Vinod Moradiya (born 10 July 1967) is an Indian politician from Gujarat. He is a member of the Gujarat Legislative Assembly from Katargam Assembly constituency in Surat district. He won the 2022 Gujarat Legislative Assembly election representing the Bharatiya Janata Party.

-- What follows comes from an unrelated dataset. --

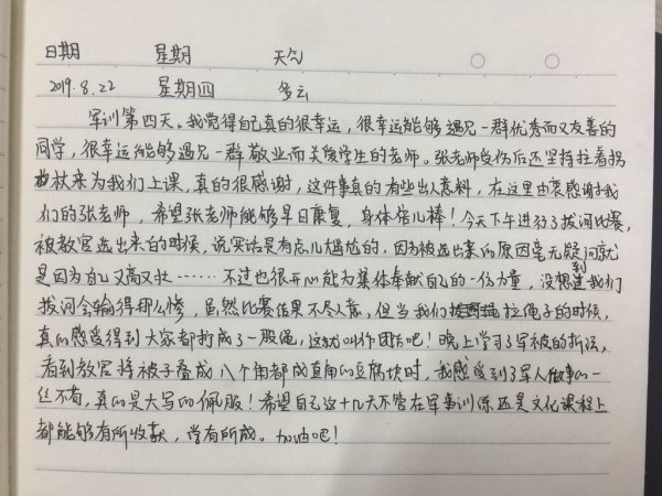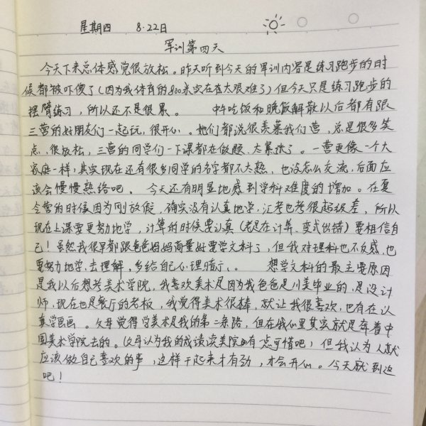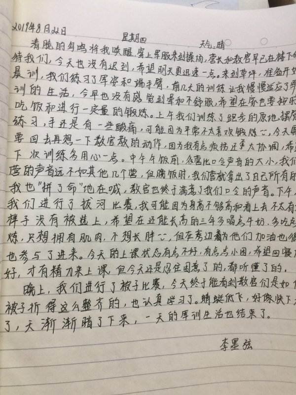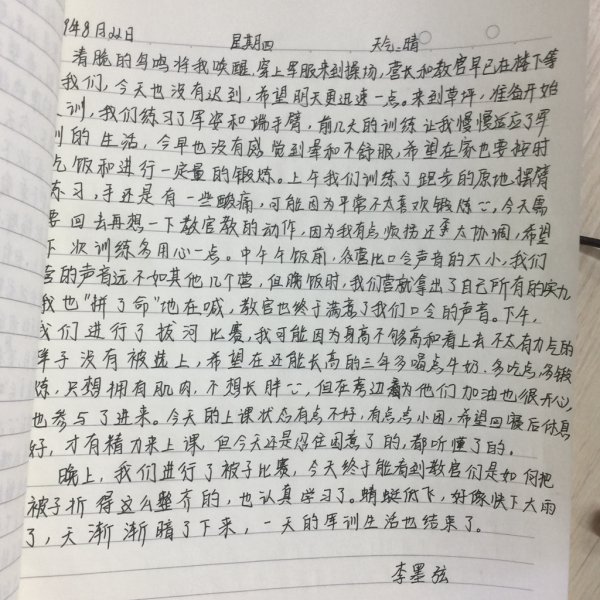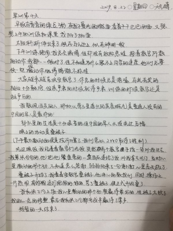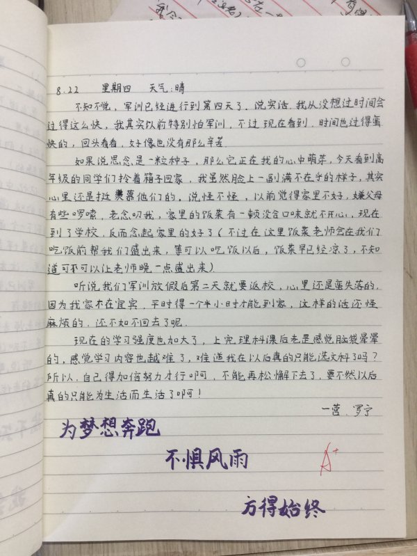 日记是一扇通向难以揣摩的心灵世界的天窗,应该也值得我们每一个人尊重。每天一篇军训日记,流于形式的有,流露心声更多。

== Early life and education ==
Moradiya is from Sarvai, Bhavnagar district, Gujarat. He is the son of Amarshibhai Moradiya. He married Gitaben Moradiya. He studied till Class 10 and passed the examinations conducted by the Gujarat Secondary and Higher Secondary Education Board, Gandhi Nagar in March 2015.

== Career ==
Moradiaya won from Katargam Assembly constituency representing the Bharatiya Janata Party in the 2022 Gujarat Legislative Assembly election. He polled 120,505 votes and defeated his nearest rival, Gopal Italia of the Aam Aadmi Party, by a margin of 64,627 votes. He first became an MLA winning the 2017 Gujarat Legislative Assembly election. In 2017, he polled 125,387 votes and defeated his nearest rival, Jignesh Jivani of the Indian National Congress by a margin of 79,230 votes.